Disclaimer: The code in this repository is derived from the Extended Kalman Filter project of Udacity. If you like it feel free to support it in the above link!
We implement an Extended Kalman Filter (EKF) to estimate the state of a moving car given noisy LiDAR and RADAR measurements. The equations of motions are assumed as follows:
px[k+1] = px[k+1] + vx[k] * dt + wpx[k]
py[k+1] = py[k+1] + vy[k] * dt + wpy[k]
vx[k+1] = vx[k] + wvx[k]
vy[k+1] = vy[k] + wvy[k]
i.e., a linear system, where px
and py
denote the position of the car along the x and y axes, and vx
and vy
the corresponding velocities.

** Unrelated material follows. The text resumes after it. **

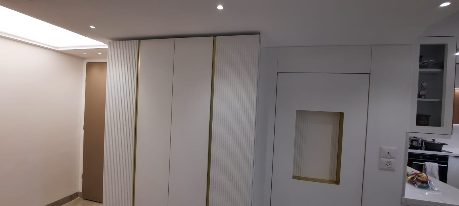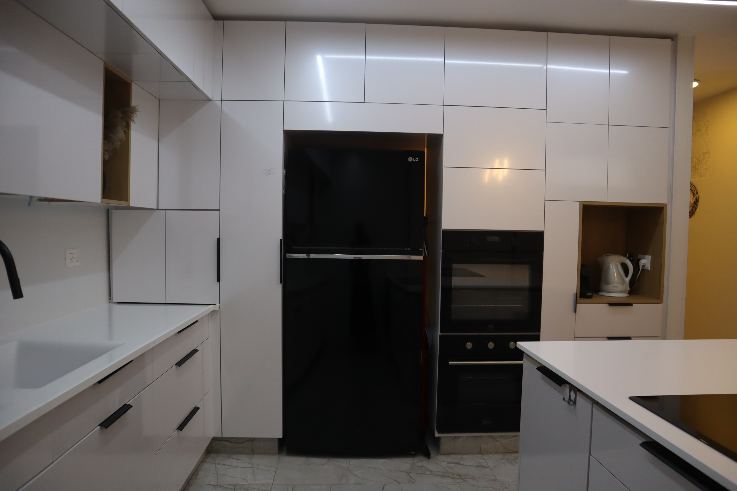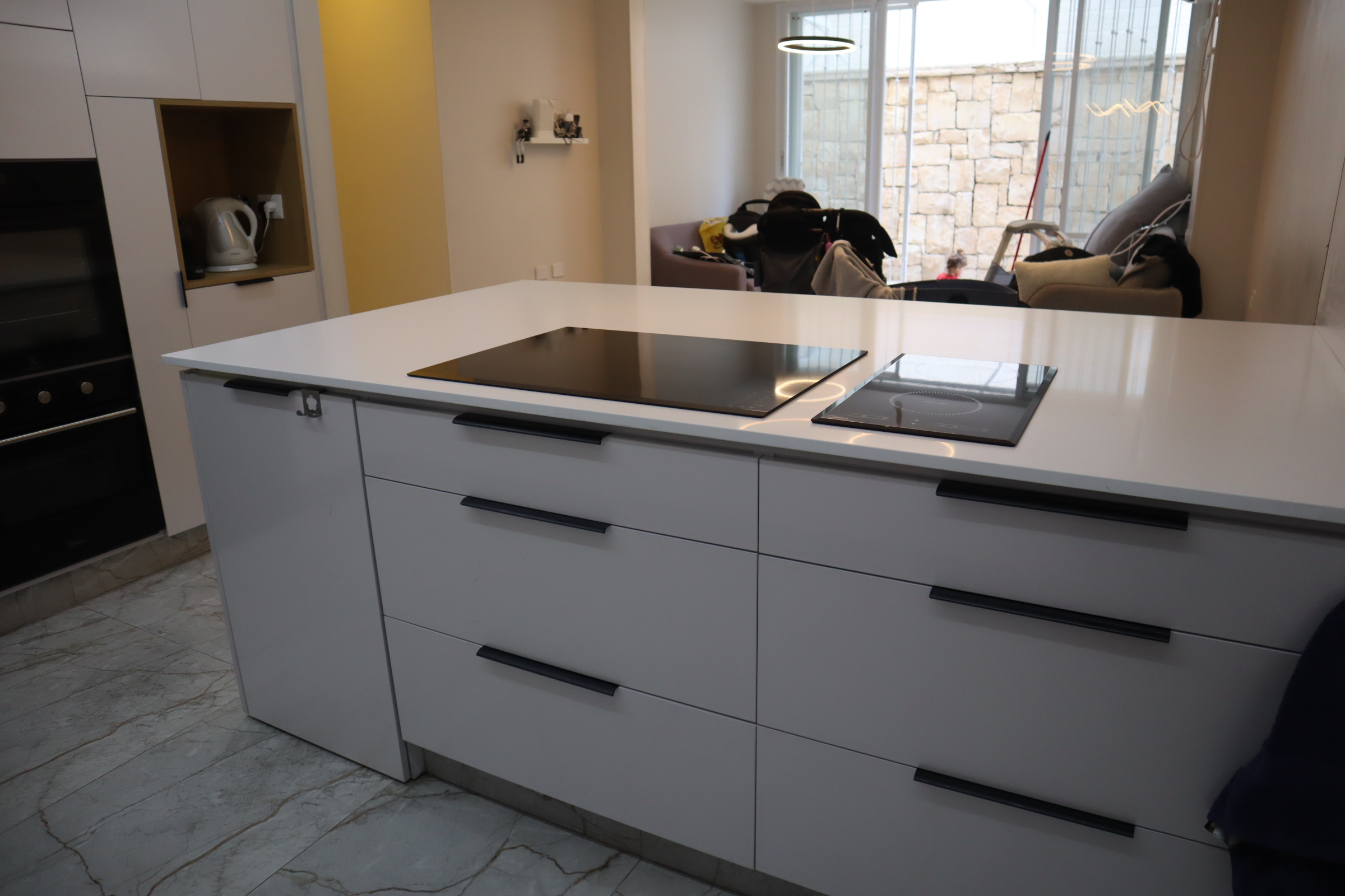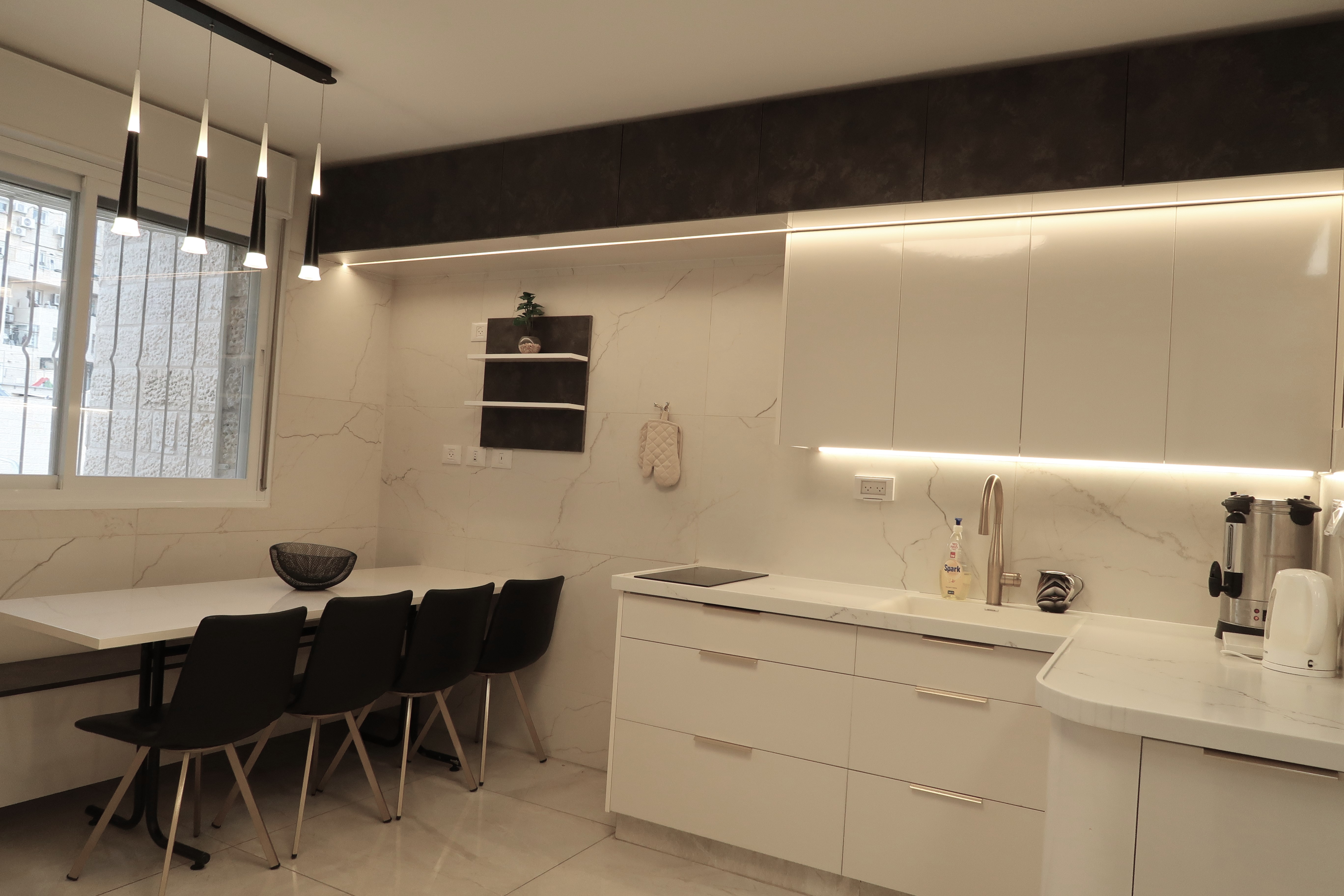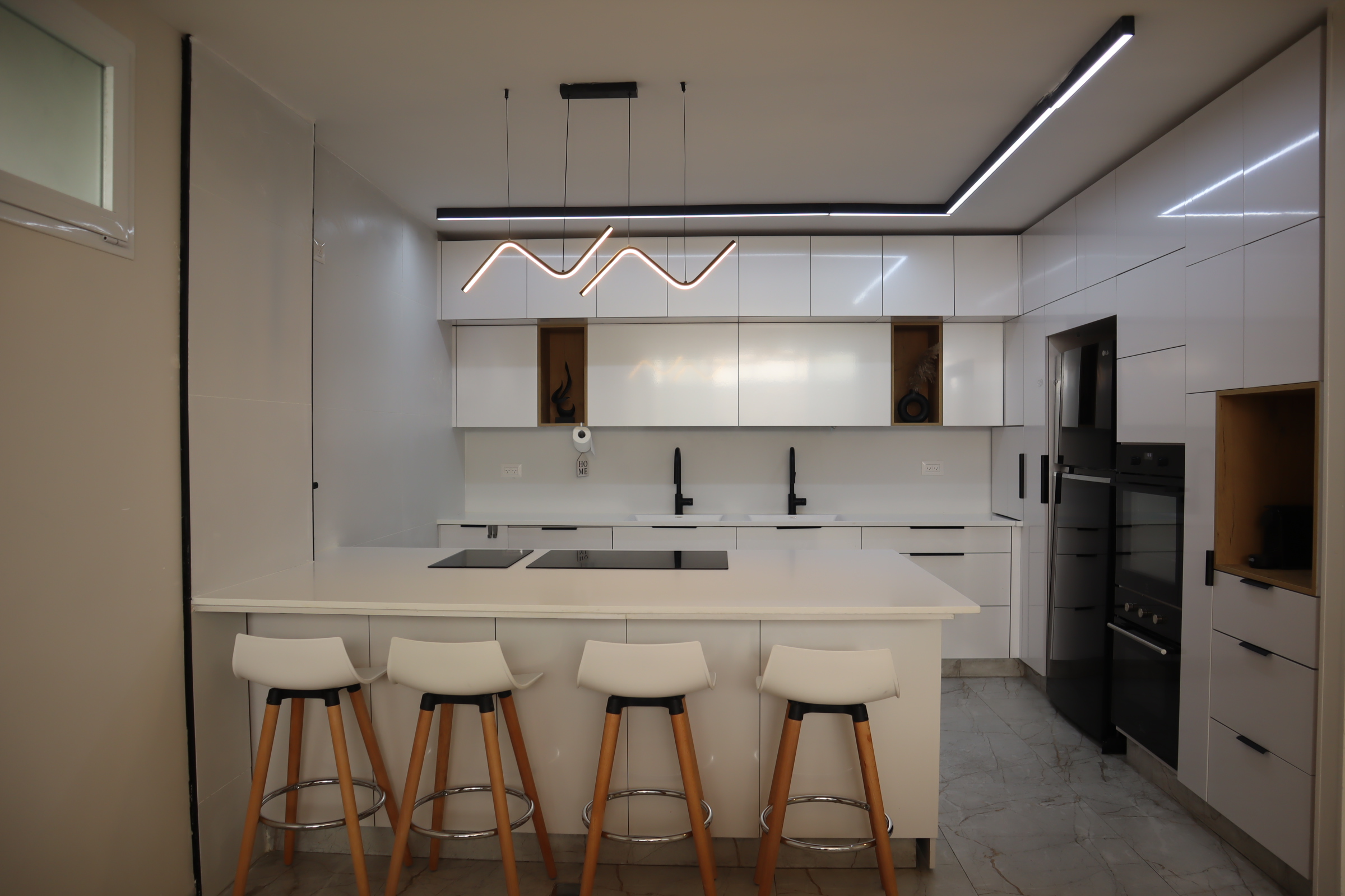 המטבח היה מורכב: כולל מטבח פסח עם סגירה מדהימה, שלא רואים את המטבח, אלא משהו שנותן יופי ורק לפסח נפתח, כניסה מעוצבת מתעגלת שנכנסים, שרואים גם מהסלון, איי מתעגל (לאכול).

The quantity w
is assumed to be Gaussian white noise.
The fusion of the two types of measurements is performed as follows:
- when the incoming measurement is from the LiDAR, its output is
y[k] = (px[k], py[k])
, which is a linear function of the state and, hence, we use a regular Kalman Filter prediction and update step. - when the incoming measurement is from the RADAR, its output is
y[k] = (sqrt(px[k]^2+py[k]^2), atan(py[k]/px[k]), (px[k]vx[k]+py[k]vy[y])/sqrt(px[k]^2+py[k]^2))
, which is a non-linear function of the state and, hence, we use an Extended Kalman Filter prediction and update step.
- Udacity's Term 2 Simulator.
- uWebSocketIO, which can be installed using the provided bash scripts by Udacity for either Linux or Mac systems.
- Eigen template library for linear algebra.
- cmake >= 3.5
- make >= 4.1 (Linux, Mac)
- gcc/g++ >= 5.4
Once the dependencies are installed, the main program is built and run as follows:
mkdir build
cd build
cmake ..
make
./ExtendedKF
If successful the output should be:
Listening to port 4567
Connected!!!
Then, one just opens the simulator and executes a test run.
For more details on how main.cpp uses uWebSocketIO to communicate with the simulator is as follows see the original Udacity repository.